We were headed for a plant identification walk. Admittedly I thought it was going to be fungi, and planned to photograph it, leaving the identification to others. Most of the plants held up to the surprisingly large group were tiny, and my attention and photography soon turned in other directions. Celia remained at the front, looking keen. I hoped she’d enlighten me later.

It was warm and sunny when the walk began. Walk is rather an overblown word for the gentle stroll, though the uneven terrain at times could have turned an ankle, and long wet grass played havoc with my less than waterproof shoes.

However, it was the trees and the graves that really got my attention. Actually not just the graves, but people’s names. I have never heard of anyone called Nind before. It could make a rather nice gender neutral first name. Better, in my view, than Farqueson which one person had been saddled with. Imagine trying to get your tongue round that as a toddler. I called myself Ogg. Most small children call me a variation of Lisobel.

I spotted this grave from a distance and broke ranks to take a closer look.

Clifford

Poor Clifford. I hope his parents’ derived some comfort from this sculpture, though it doesn’t look a lot like his photo.

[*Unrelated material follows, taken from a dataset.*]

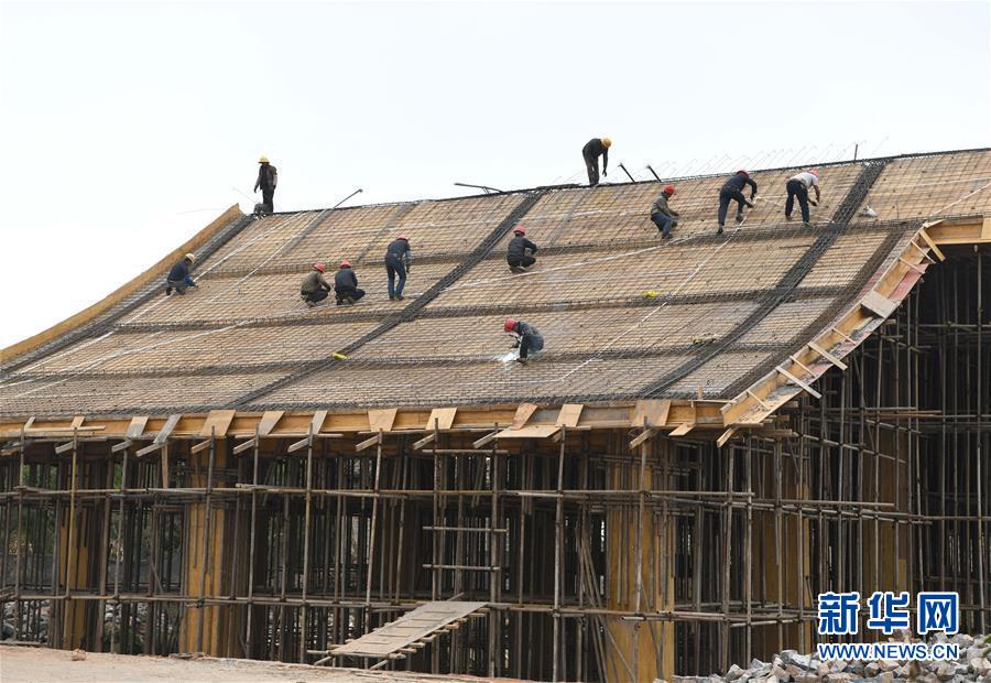 11月28日,工人們?cè)诖笈春诖宓膭≡航ㄔO(shè)現(xiàn)場工作。新華社記者周華攝

We veered off into a strange little area almost, it seemed, devoid of graves. I happened to be beside one of the cemetery’s Friends, and she explained this was for public graves. I raised my eyebrows in enquiry. Graves where you can have only a very small marker stone, or none at all; cheaper. Like a green burial! I exclaimed, that’s what I want. Untended graves and gravestones get cleared aside, and after one hundred years the grave is reused. Discarded marker stones made a strange sight.

Mary

Jumbled

Another Mary

This grave dates from 1934, but the inked details suggest someone is still remembering.

Remembered

I found these more poignant than some Celia and I saw when we explored further after the plant identification had come to an end. We wondered at first if this was a famous boxer of whom we had never heard,

The Boxer


But when we found this one, we concluded it was a way of recording something the departed was fond of.

Footballer

This one frankly confused me.

I don’t think he can have been a horse

The death of a child is always hard, and the ways families mark and remember them is obviously very personal.

Happy Birthday Happy Halloween

Colourful

But it was when we viewed the flowers for the recently cremated that we agreed whole heartedly we want unmarked green burials.Some flower tributes were beautiful. Others left us wondering why they might have seemed a good idea at the time. Judge for yourselves.

Dad loved Chelsea

RAF

Beautiful

Eye

By this time the light was fading, so we went home.